Хмурясь и не глядя по сторонам, покачивался в мягком покойном седле Али-Магомет, сопровождаемый на почтительном расстоянии двумя конными слугами. Вдруг один из них пришпорил коня – и догнал своего господина. Тот сердито взглянул на дерзкого, осмелившегося нарушить раздумье властелина. Слуга же указал рукоятью плети на море. К причалу приближалась шлюпка с тремя иностранными матросами-гребцами. Али-Магомет разглядел название корабля "Валетта", обозначенное на носу шлюпки, и чело его прояснилось. Он заметил, что на корме примостилась маленькая фигурка, с ног до головы укутанная в белую одежду, похожую на арабский бурнус.
– Скачи на пристань, – приказал Али-Магомет слуге. – Пусть все, кто прибыл на шлюпке, направляются прямо ко мне в канцелярию. Никого к ним не допускать, кроме моего личного писца и… Метью Глена. Сказать, что сам я прибуду позднее. Поспеши!
Сопровождаемый вторым слугою, Али-Магомет свернул с тропы на проезжую дорогу и галопом поскакал в сторону Стамбула.

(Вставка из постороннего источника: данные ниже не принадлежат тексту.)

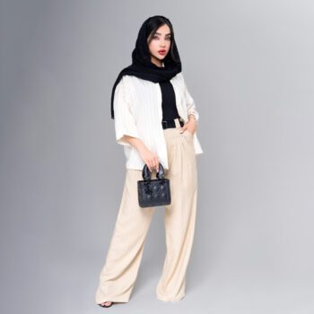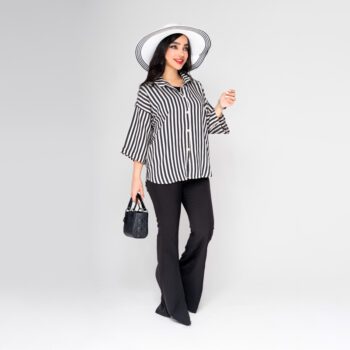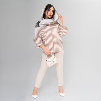 ست کردن شومیز زنانه مدل پری راه راه با اکسسوری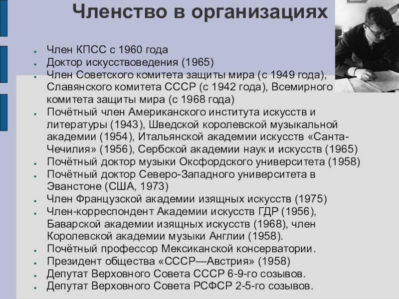 Почётный член Американского института искусств и литературы (1943), Шведской королевской музыкальной академии (1954), Итальянской академии искусств «Санта-Чечилия» (1956), Сербской академии наук и искусств (1965)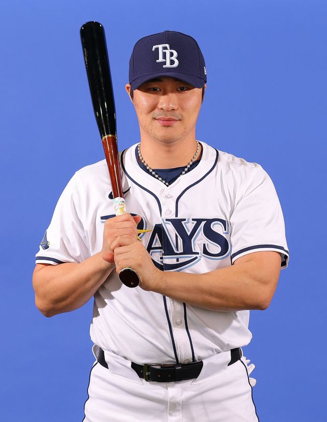 김하성은 탬파베이 유니폼을 입고 이적 신고식을 앞두고 있다.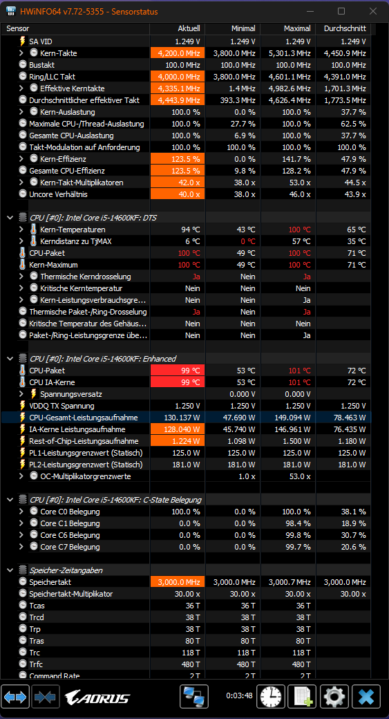 Ach ja im Bios ist PL1 125 Watt und PL2 181 Watt eingestellt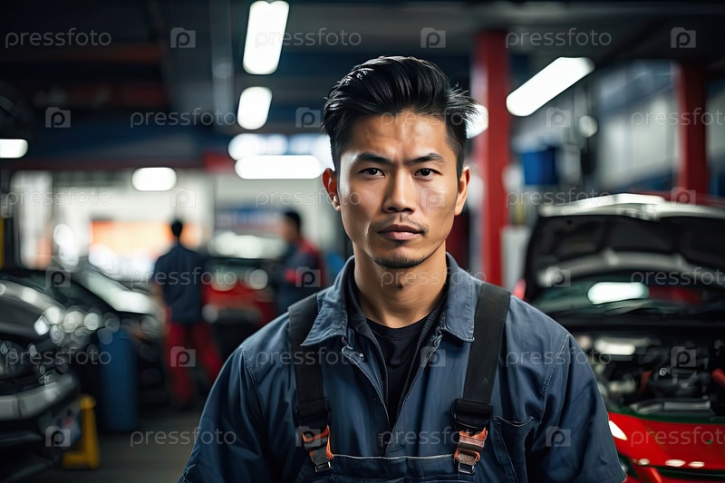 Молодой азиатский механик-автомобильщик в синей и серой форме на автомобильной мастерской, технический работник, профессиональная команда, современный автосервис, копировальное помещение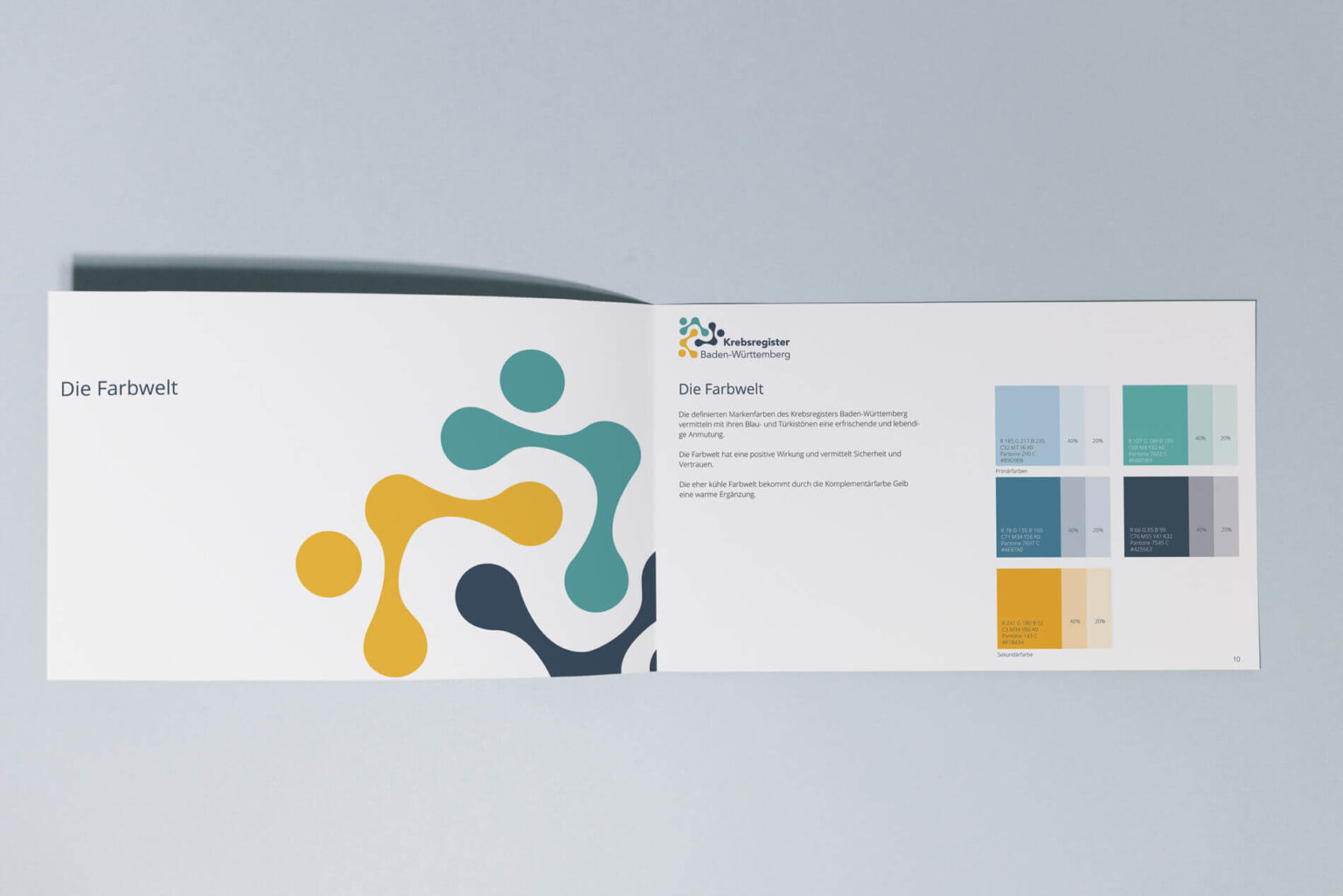 Auch die gezielte Anwendung von Farbkombinationen kann erheblichen Einfluss auf die Wahrnehmung ausüben und positive Assoziationen bei der Zielgruppe wecken. Ein überzeugendes Beispiel hierfür ist das Corporate Design, das Remy&Remy für das Krebsregister Baden-Württemberg (KRBW) entwickelt hat: Im Fokus stehen kühle Farbtöne wie Blau und Türkis, die Stabilität, Sicherheit, Transparenz und Fortschritt vermitteln. Diese werden ergänzt durch die Komplementärfarbe Gelb, die nicht nur Wärme und Freundlichkeit in die Palette bringt, sondern auch eine Verbindung zu Baden-Württemberg herstellt indem es das starke Gold in dessen Landesfarben aufnimmt. Insgesamt verstärkt die ausgewogene Kombination dieser Farben das professionelle Erscheinungsbild des KRBWs und fördert zugleich eine positive emotionale Resonanz bei der Zielgruppe.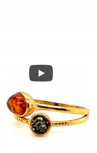 Pierścionek srebrny pozłacany z bursztynem bałtyckim rozmiar 14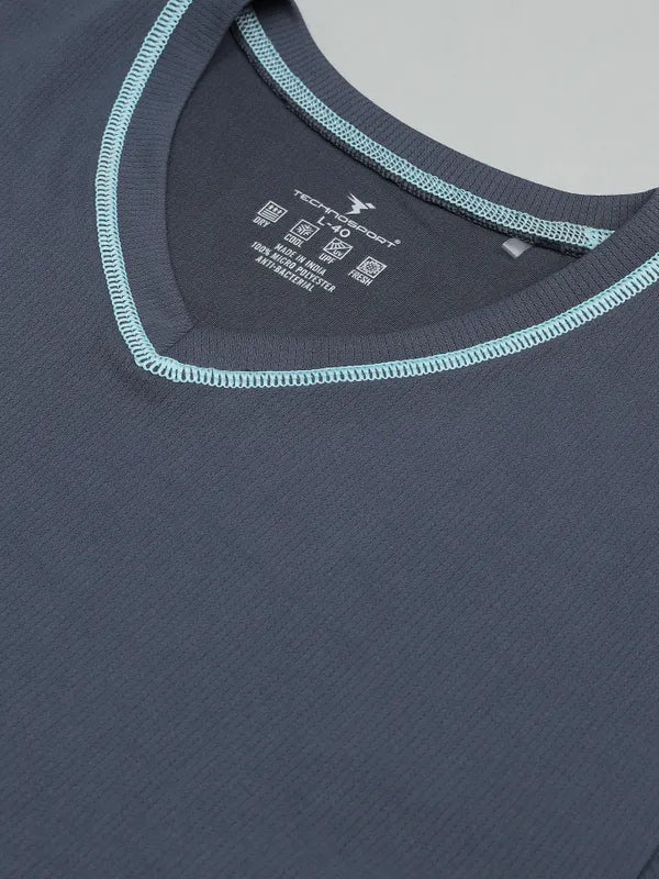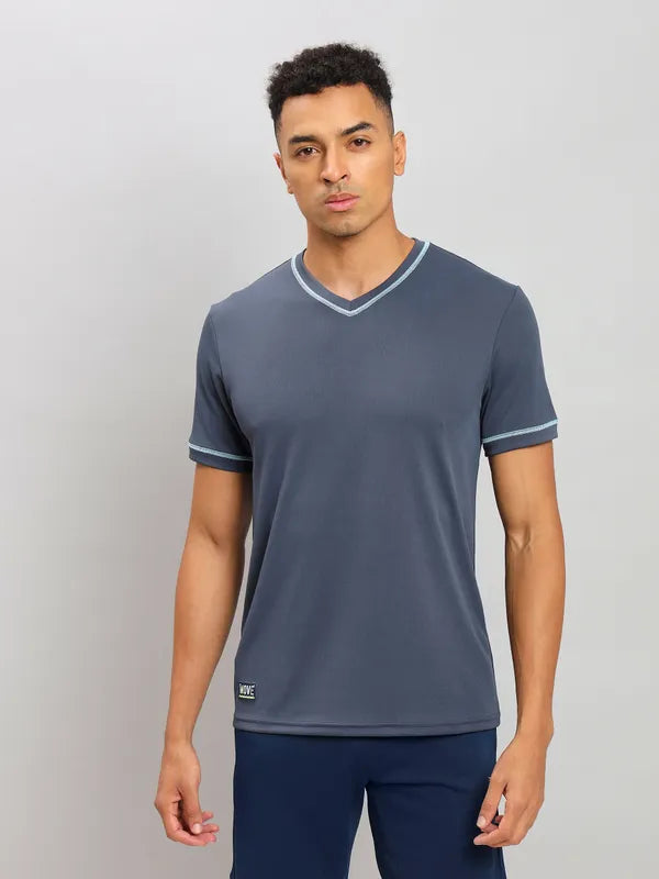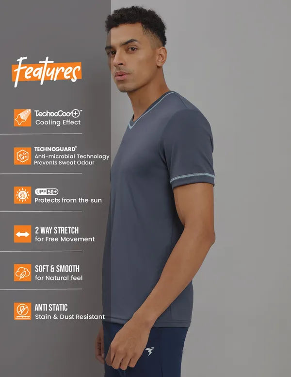 Offer Valid on a Minimum Cart Value of ₹999Men Solid Slim Fit V Neck T-shirt with TECHNO COOL+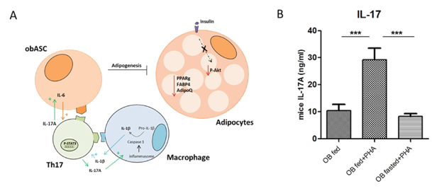 Figure 1 T helper cell (Th)17 activation in obese adipose tissue (AT) is reversed by short-term fasting. (A) Obese adipose stem cells (ASC) polarize AT-infiltrating CD4+ T cells towards IL-17A-secreting Th17 cells and increase IL-1b secretion by monocytes, which amplify IL-17A secretion. In turn, IL-6 secretion is increased in ASC, together with increased resistance to insulin, and inhibition of adipogenesis (from Eljaafari et al model). (B) ob/ob mice were fed or fasted overnight and IL-17A secretion was evaluated in stromal vascular fraction derived from visceral AT after phytohemagglutin (PHA) activation during 48 hours. Short-term fasting mice markedly suppressed pro-inflammatory IL-17A secretion.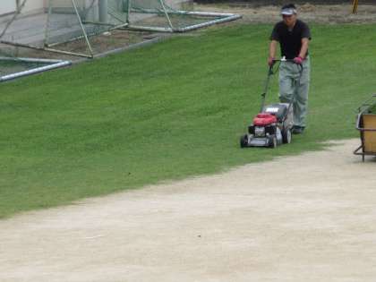 曇り空が続きますが、雨の降らない時間に、管理作業員さんがしてくださっています。
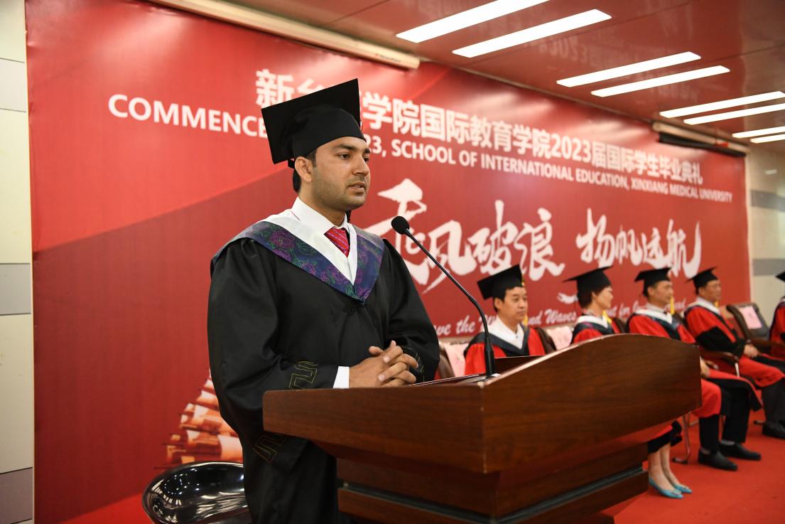 2017级本科生穆塞代表全体毕业生发言。他回忆了自己在新医的点滴生活,感谢了学校和老师对国际学生的培养和教诲,并向在校生分享了自己的学习和生活经验,表达了对母校的美好祝愿。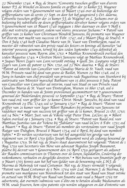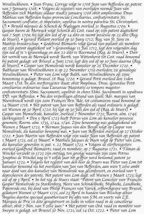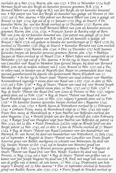 1767 den eed af; hij overleed in 1779. 20. WILLEM JOSEF LUYTGENS , Raadsheer in den Raad. Zijn grootvader HENDRIK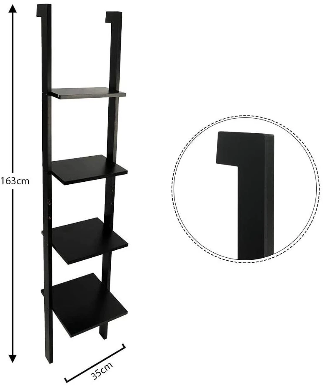 Dimensions: Length – 35cm, Height – 163cm. The 4 shelves are suitable for flowers, photos, etc. The natural material looks great in every room.

Вскоре он придержал разгоряченного коня, отдал поводья слуге и вошел в кофейню села Бакырей. Каведжи Ахмет быстро провел гостя в особую потайную комнату. Здесь, в нетерпеливом ожидании, прохаживался человек в дорожной одежде – доверенное лицо Али-Магомета, снискавшее за сравнительно недолгое знакомство, всего за несколько месяцев, полное расположение сардара.